Tuesday, December 06, 2005

 

Reaching Our Souls

Yesterday I blogged about the impending Narnia movie and said:
If Lewis was worried that a movie cannot communicate the complexity of his literary Christ analog -- how much more so is that true about the real and true God? After all, we are not to make images, but Christ was the Word. In our excitiment over this movie, it's still just a movie.
Within minutes of reading that I read an Al Mohler post called - The Power of Words -- A Witness. Al's looking at and quoting extensively Michael Dirda's Review of "The Book of Common Prayer: The Elizabethan Prayer Book."
Against the modern depreciation of language, Dirda comments on his experience hearing the Christmas story read from the Gospel of Luke:
As a boy, I would hear these words spoken aloud toward the end of December, year after year, and they never failed to deliver a shivery thrill of pleasure. I used to wonder why. The sentences were utterly plain, both in diction and syntax. Neither did they possess any narrative excitement, since I knew the story already, indeed knew it far better than any other in all the world. But the language -- like that of so many other passages from the Bible -- enchanted me with what I now think of as its deeply felt seriousness.
He explains:
The solemn harmonies of such prose are largely ignored in these days of text-messaging and political newspeak. Even among our stylists, we prefer breeziness and irony, sometimes laced with snarky wit and street vulgarity. This "in your face" writing somehow feels personal and honest, more sincere or authentic than an elevated and poetical diction. No one wants epithets like "pontifical," "sermonizing" or "artificial" attached to his writing. Nonetheless, there are times when only the full organ roll of liturgical prose can match the glory or sacredness of the occasion.
To his credit, Dirda recognizes the deep Christian roots of this tradition -- and the influence of Christianity upon the very development of the language itself:
In English there are five main sources for this kind of religious eloquence: The King James version of the Bible, the Book of Common Prayer, The Pilgrim's Progress by John Bunyan, the hymns of writers like Isaac Watts, Charles Wesley and others, and the classical traditions of oratory and homily. What links them all is a Shaker plainness and cleanness of diction, just barely covering profound spiritual conviction and emotion. This is, in short, the speech of men and women doing the Lord's work, honoring him and praising him with due reverence, ceremony and fervor.
Why is Christianity responsible for this richness of language? Jesus said:
Matt 18:7-9 - "Woe to the world because of its stumbling blocks! For it is inevitable that stumbling blocks come; but woe to that man through whom the stumbling block comes! "And if your hand or your foot causes you to stumble, cut it off and throw it from you; it is better for you to enter life crippled or lame, than having two hands or two feet, to be cast into the eternal fire. "And if your eye causes you to stumble, pluck it out, and throw it from you. It is better for you to enter life with one eye, than having two eyes, to be cast into the fiery hell.
Now, I don't want to get carried away here but when I reflect on passages like this and the observations I made in yesterday's Narnia post, and Dirda's thoughts I wonder if it is not genuine a part of God's plan that communication by oral or written language is clearly superior to visual communication like the movies?
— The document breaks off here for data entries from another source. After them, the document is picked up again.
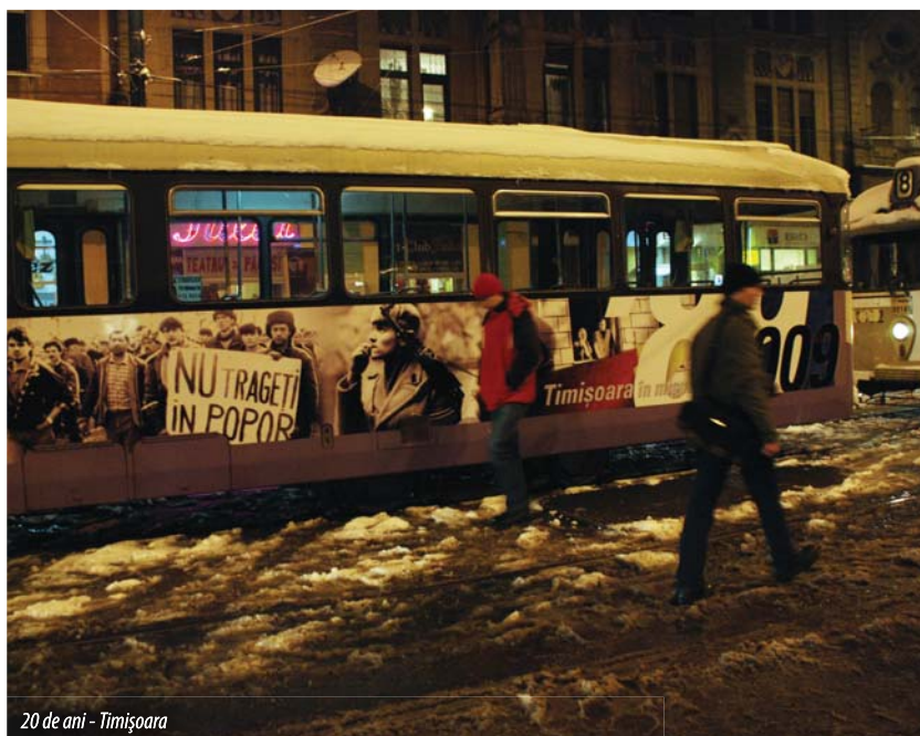
20 de ani - Timișoara

În sediul de la Bruxelles al Fundației Konrad Adenauer în data de 27 ianuarie 2010 a avut loc o comemorare al cărei invitat de onoare a fost eurodeputatul László Tőkés. Președintele celei mai puternice fundații politice din Germania este Hans-Gert Poettering, fostul președinte al Parlamentului European.
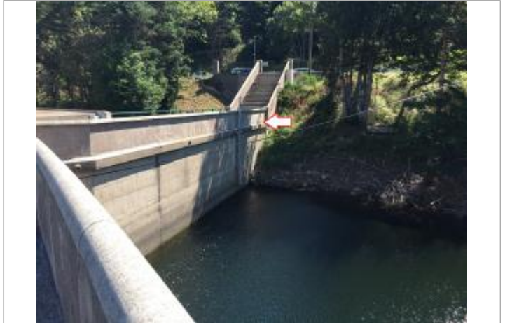
Vue du site depuis le couronnement (2018)
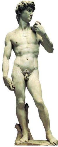
미켈란젤로(Michelangelo), 〈다비드〉, 1504년

5. 다음 작품과 설명을 참고하여 괄호 안의 ㉠에 해당하는 용어와 ㉡에 해당하는 미술 사조를 순서대로 쓰시오.[2점]
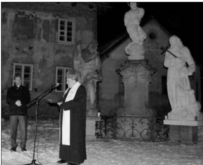
SILVESTROVSKÁ NOC. Obnoveným sochám ve Svatém Janě pod Skalou u silvestrovské noci poželhal arcibiskup Dominik Duka.
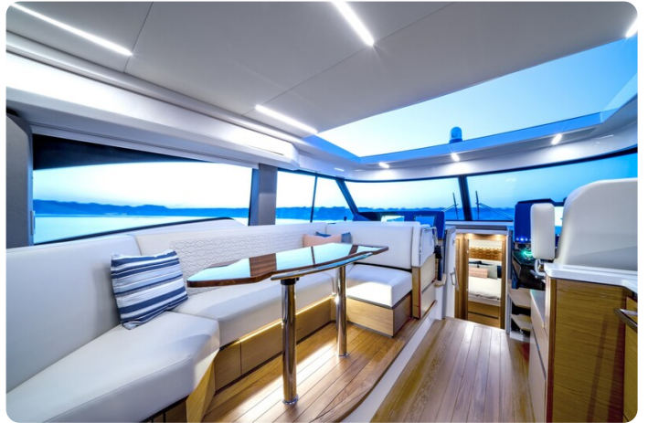
Tiara 48LE salon
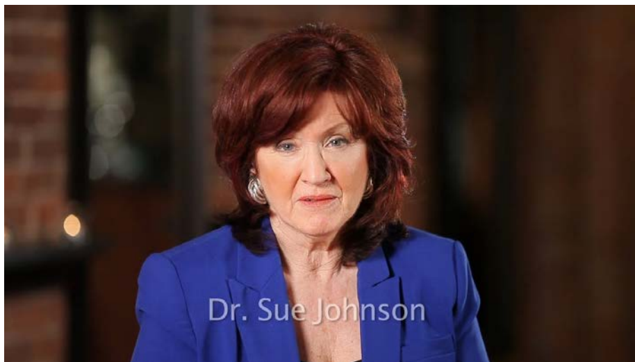
Dr. Sue Johnson
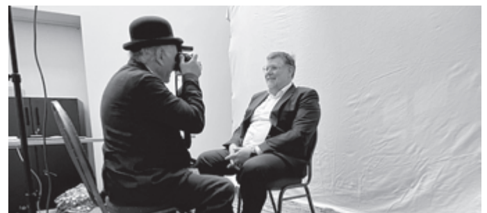
Foto: Landrat Dr. Ulrich Fiedler hat sich am Tag der Kreisgeschichte für das Kunstprojekt „Der Landkreis lächelt“ fotografieren lassen.

Das umfangreiche Programm ist online unter www.kultur-machen.de/kunst-und-kulturmesse abrufbar. Fragen können darüber hinaus per Mail unter kreisarchiv@kreis-reutlingen.de gestellt werden.
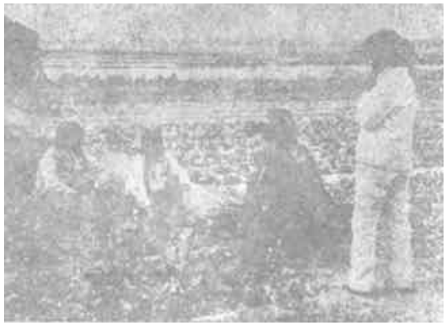
广饶县大王镇注重蔬菜基地建设，今年全镇种植蔬菜一万亩。这是在该镇菜园，一户农民的菜地里，买主和卖主虽然正在讨价还价，但他们望着长势喜人的蔬菜，高兴之情溢于言表。 (黄利平 摄)

垦利县劳动局积极开展对乡镇企业特种作业人员的安全生产培训。今年以来，已举办电工、焊工技术培训两期，200名参加了培训的乡镇企业职工经严格考核合格，领取了《合格证书》，安全技术素质得到了较大提高。 (侯永强)
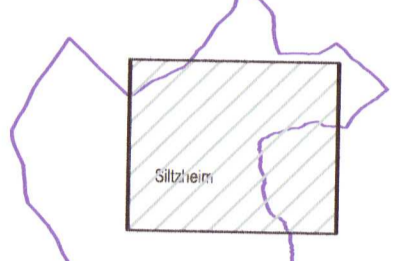
Planche : 1/1
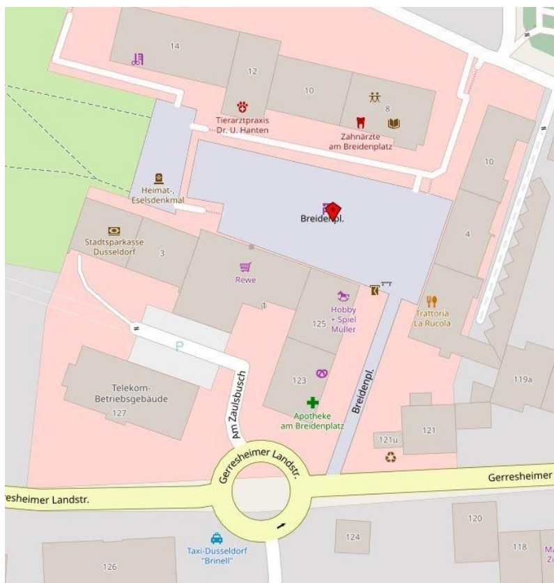
Neue Mitte Unterbach
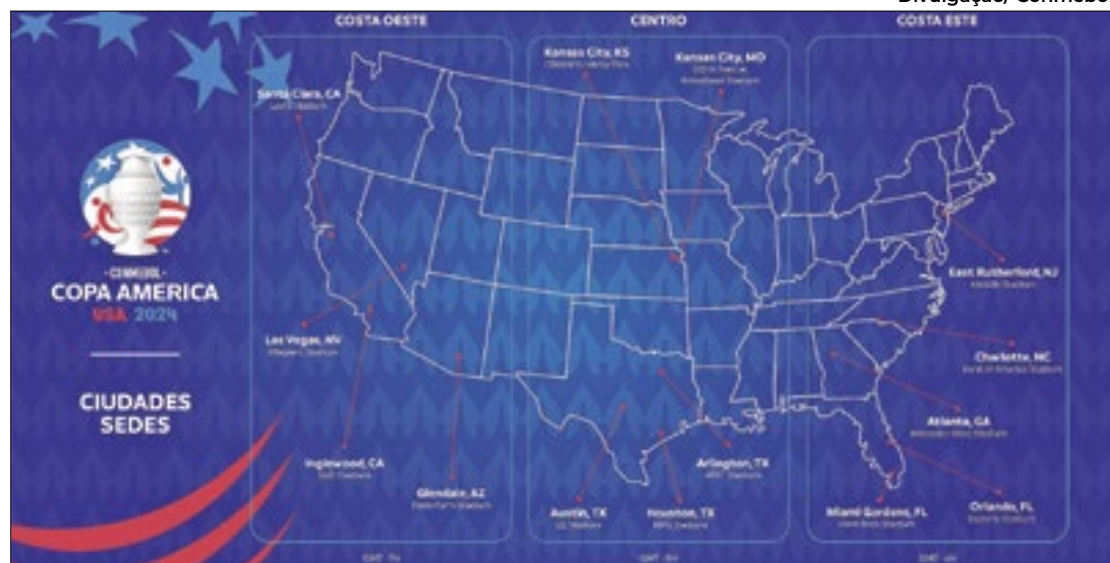
Copa América 2024 acontecerá nos Estados Unidos, em 14 estádios modernos e amplos

"Teremos uma Copa América inesquecível, sentindo as emoções do melhor futebol do mundo em 14 magníficos estádios. A paixão do futebol percorrerá este enorme país de leste a oeste e de norte a sul, levando vibração e

Think of the related issues -- Why did Jesus come 2000 years ago, instead of in this mass media age? Why did the Reformation come on the heels of printing?

This I know from my own exprience, movies or TV can wash over me largely undigested. In fact, it's not uncommon for me to be unable to tell you about something I saw unless it was really good or really interesting. I refuse to watch TV news, forget bias, the medium prevents enough information from being present in any story for it to be useful. But books, I always take something from books I read, even fluff.

Is our societal trend to the moving picture, be that film or television, problematic? I have thought it not so, but my critical faculties are somewhat better developed than in many people, as likely yours are if you are reading this.

Do words reach deeper into us than images possibly can. Most people would argue the opposite, but now I am wondering. I have been moved by images, but my life was changed by words, well actual The Word. What about you?